Posted February 28th, 2018 by Tyler Irving

U of T Engineering launches new offerings in Machine Intelligence and Data Analytics

Robert Adragna (Year 2 EngSci) and Mona Gridseth (UTIAS PhD candidate) work on a sensor array as part of the AutoDrive project, an intercollegiate competition to create a self-driving car. Artificial intelligence and analytics are the focus of two new educational programs set to launch at U of T Engineering next fall. (Photo: Tyler Irving)

Robert Adragna (Year 2 EngSci) and Mona Gridseth (UTIAS PhD candidate) work on a sensor array as part of the AutoDrive project, an intercollegiate competition to create a self-driving car. Artificial intelligence and analytics are the focus of two new educational programs set to launch at U of T Engineering next fall. (Photo: Tyler Irving)

Our society produces billions of gigabytes of data each day, from retail product barcodes to images from CCTV cameras, social media posts or data from GPS devices. Two new programs from U of T Engineering will prepare the next generation of experts to leverage this data and enhance fields as diverse as health care, finance and autonomous transportation.

The Engineering Science major in Machine Intelligence is set to receive its first students in fall 2018. Students in the new major will take a systems approach, with emphasis on the integration of both computer hardware and software systems. They will study, develop and apply algorithms that can learn and make decisions based on data, but they will also gain a deep understanding of how to clean and structure information, build mathematical models, and create computer architectures optimized for artificial intelligence applications.

“Machine learning and artificial intelligence are inherently multidisciplinary,” says Professor Deepa Kundur (ECE), chair of the Faculty’s Engineering Science program. “They require a strong technical foundation, but also the creativity and flexibility to apply techniques to a wide range of challenges. There is no traditional career path, which is why they are a perfect fit for our graduates.”

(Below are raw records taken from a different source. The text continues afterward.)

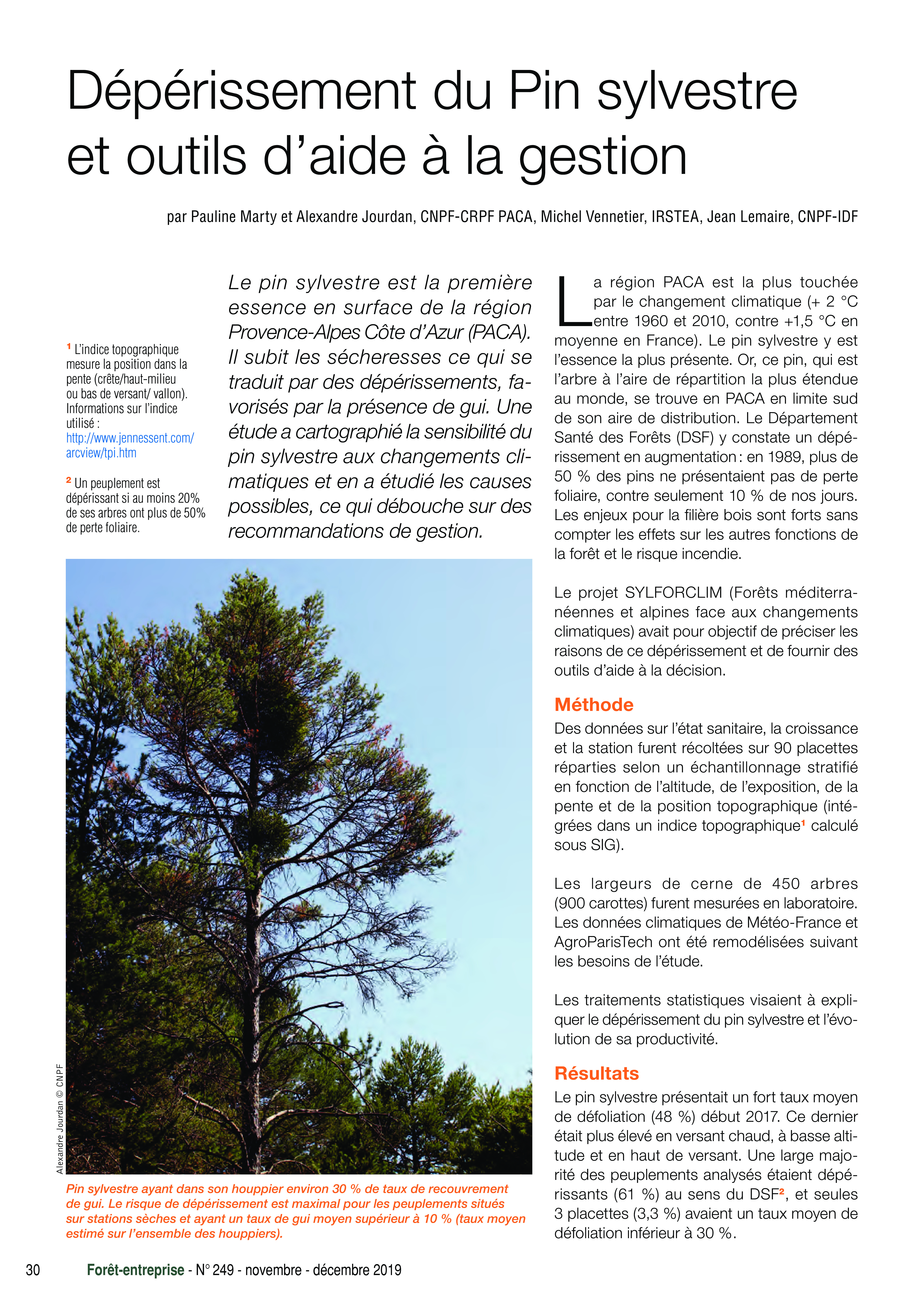 Projet SYLFORCLIM - Dépérissement du Pin sylvestre et outils d’aide à la gestion. Forêt Entreprise n° 249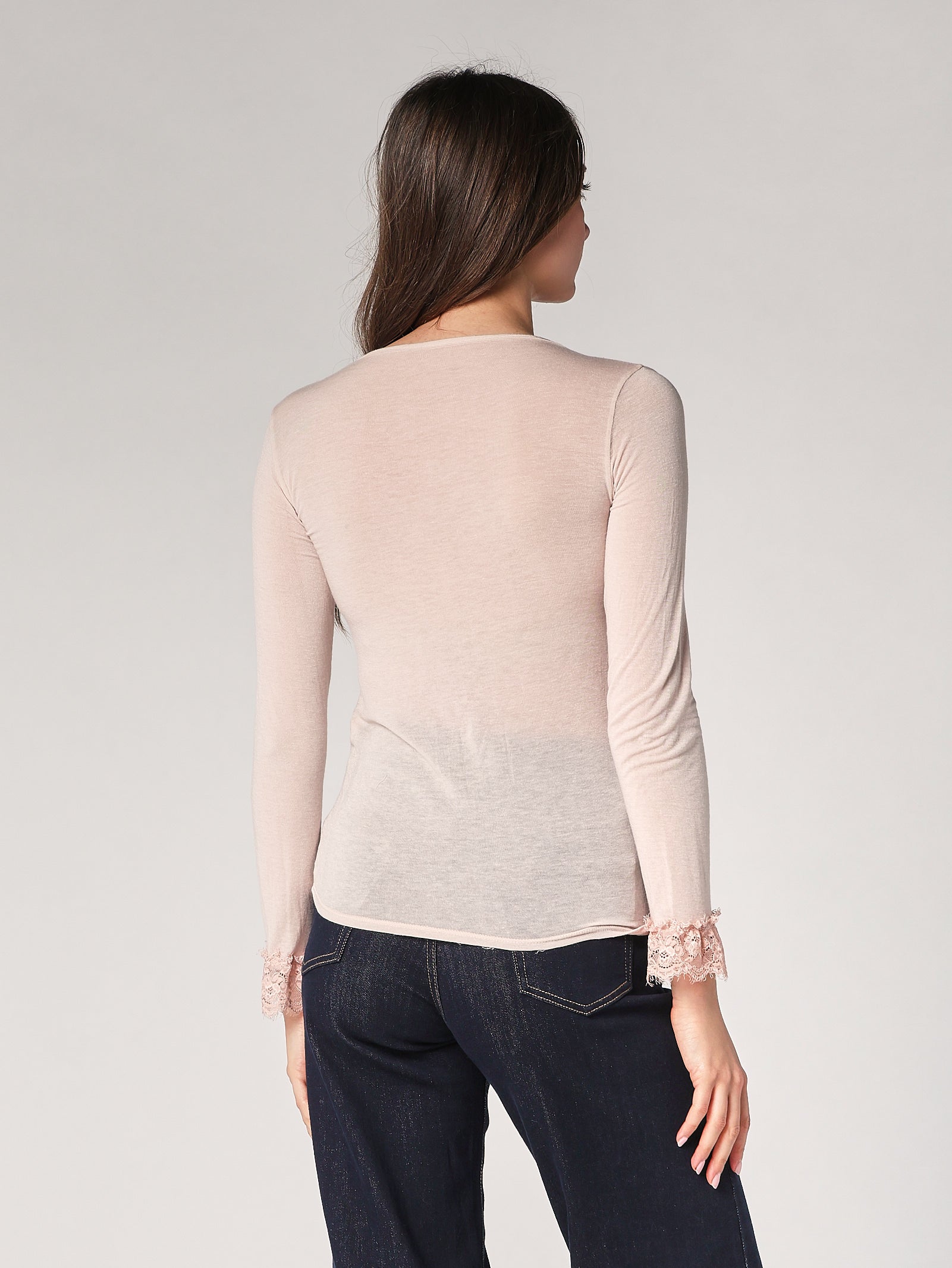 Maglia in cashmere con scollo a V rifinito in pizzo, un capo femminile e raffinato pensato per valorizzare ogni look. La morbidezza del filato e il dettaglio delicato rendono questa maglia perfetta per outfit eleganti o quotidiani.
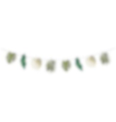 Dekorationsguirlande med tropiske blade, der måler 3 meter. Perfekt til at skabe en jungle- eller safarifølelse til festen. Farverne er blandet og giver en livlig touch til dekorationen.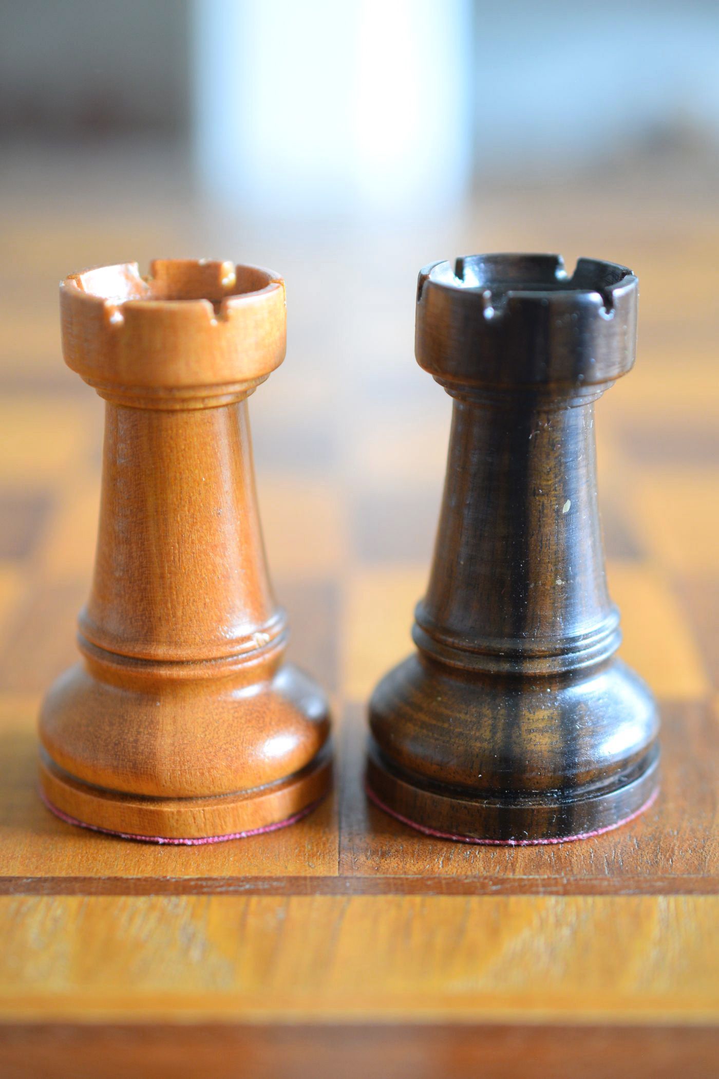 Here is probably my most elegant Philippine Staunton chess set in pristine condition with a king size of approximately 10 cm. In contrast to the usual Philippine Staunton sets, the pieces in this one are very slender with rather slim stems and triple collars on the kings, queens and bishops. Also, the crosses on the kings differ from the so called "rosary cross" usually seen on Filipino sets. The most outstanding pieces are the bishops, which have extremely unusual heads. Despite being quite modern, sets of this type are somewhat rare. I have only seen this type about 4-5 times so far and only know very few collectors who have a set like this in their collection. The last picture shows the beautiful kamagong grain on the black side pieces.

The other new offering is the MEng emphasis in Analytics, which is open to professional master’s students in chemical engineering, civil engineering, electrical and computer engineering, and mechanical and industrial engineering. Students in this program will learn techniques and strategies to translate large data sets into useful insights for sectors such as transportation, banking and health care.

Both of the new programs draw on the Faculty’s existing expertise in areas such as operations research, computational genomics and intelligent mechatronic systems. U of T Engineering researchers are already using data analytics to optimize surgical schedules, point the way toward new treatments for genetic diseases and improve the functioning of cities.

Using data from advanced sensors, they have also designed a self-driving wheelchair and a variety of autonomous drones. A team composed of undergraduate and graduate students from U of T Engineering is currently converting an electric vehicle into an autonomous one as part of the international AutoDrive competition.

The programs will also be enhanced by multidisciplinary research centres such as the Vector Institute for Artificial Intelligence and the Institute for Robotics and Mechatronics (IRM), which bring together some of the world’s top experts in these fields, both within and beyond engineering.

“We have seen very strong demand, both from interested students and from the industries that require this kind of expertise,” says Kundur. “The possibilities are truly boundless, and I am very excited to see where our graduates will take their knowledge in the years to come.”